** Opening Data to use block **

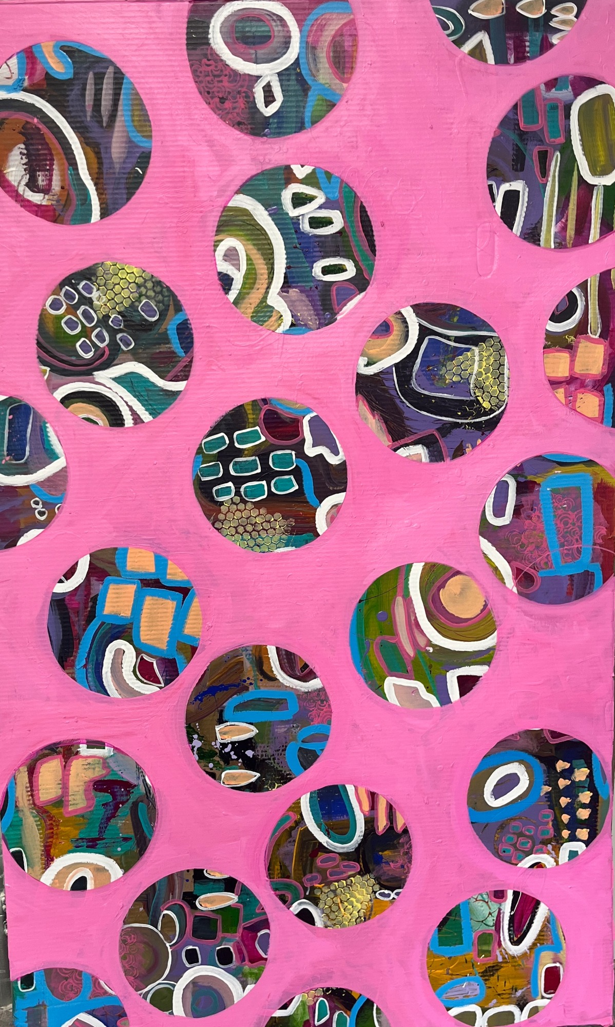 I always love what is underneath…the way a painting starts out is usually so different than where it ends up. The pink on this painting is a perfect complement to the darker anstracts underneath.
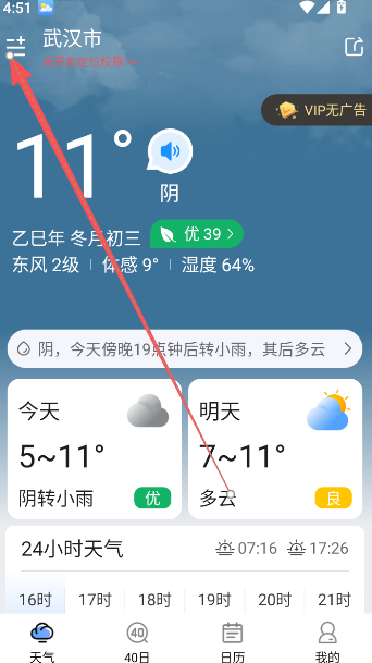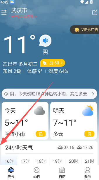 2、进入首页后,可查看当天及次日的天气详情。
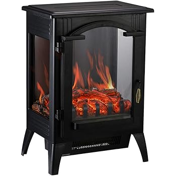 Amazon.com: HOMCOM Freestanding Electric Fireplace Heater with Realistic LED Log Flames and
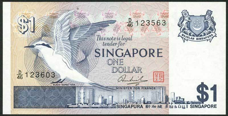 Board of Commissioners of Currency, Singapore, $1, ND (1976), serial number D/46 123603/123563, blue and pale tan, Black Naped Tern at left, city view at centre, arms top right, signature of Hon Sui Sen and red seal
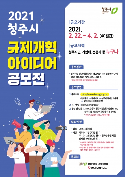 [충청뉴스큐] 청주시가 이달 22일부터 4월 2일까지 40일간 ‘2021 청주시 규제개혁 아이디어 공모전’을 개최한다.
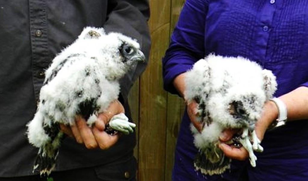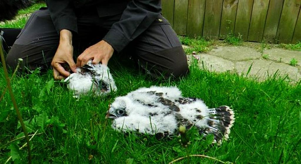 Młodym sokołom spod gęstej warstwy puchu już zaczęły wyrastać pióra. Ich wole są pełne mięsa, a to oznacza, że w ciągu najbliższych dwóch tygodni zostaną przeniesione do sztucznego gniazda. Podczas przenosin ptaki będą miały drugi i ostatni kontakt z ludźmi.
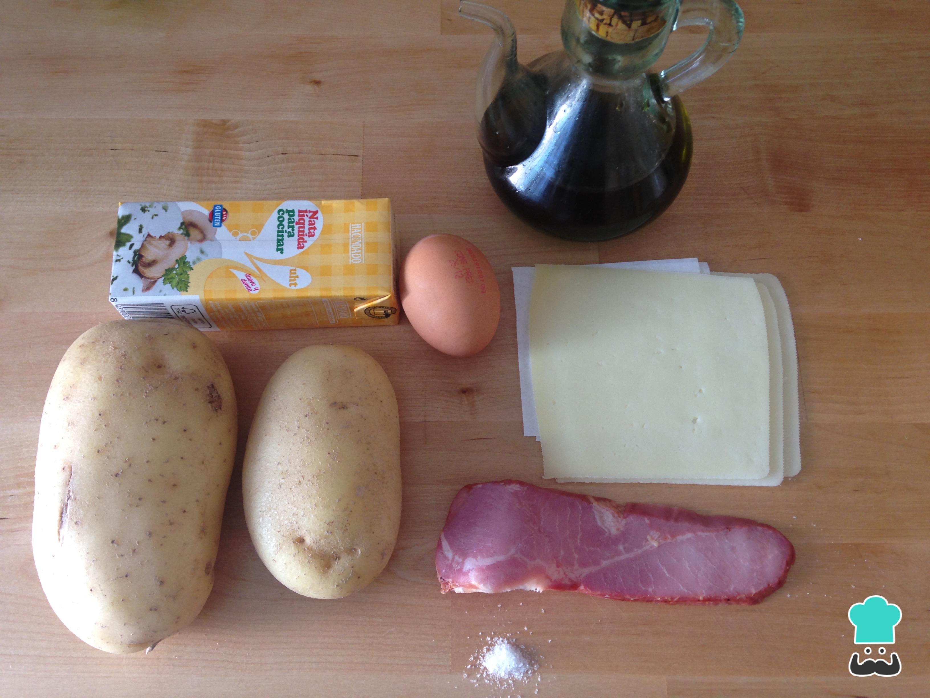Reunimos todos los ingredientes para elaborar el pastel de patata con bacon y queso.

** Closing Data to use block **

Exercise objective - Pictures aside, retype all of the entries word for word.

Written solution -
 I always love what is underneath…the way a painting starts out is usually so different than where it ends up. The pink on this painting is a perfect complement to the darker anstracts underneath.
 2、进入首页后,可查看当天及次日的天气详情。
 Amazon.com: HOMCOM Freestanding Electric Fireplace Heater with Realistic LED Log Flames and
 Board of Commissioners of Currency, Singapore, $1, ND (1976), serial number D/46 123603/123563, blue and pale tan, Black Naped Tern at left, city view at centre, arms top right, signature of Hon Sui Sen and red seal
 [충청뉴스큐] 청주시가 이달 22일부터 4월 2일까지 40일간 ‘2021 청주시 규제개혁 아이디어 공모전’을 개최한다.
 Młodym sokołom spod gęstej warstwy puchu już zaczęły wyrastać pióra. Ich wole są pełne mięsa, a to oznacza, że w ciągu najbliższych dwóch tygodni zostaną przeniesione do sztucznego gniazda. Podczas przenosin ptaki będą miały drugi i ostatni kontakt z ludźmi.
Reunimos todos los ingredientes para elaborar el pastel de patata con bacon y queso.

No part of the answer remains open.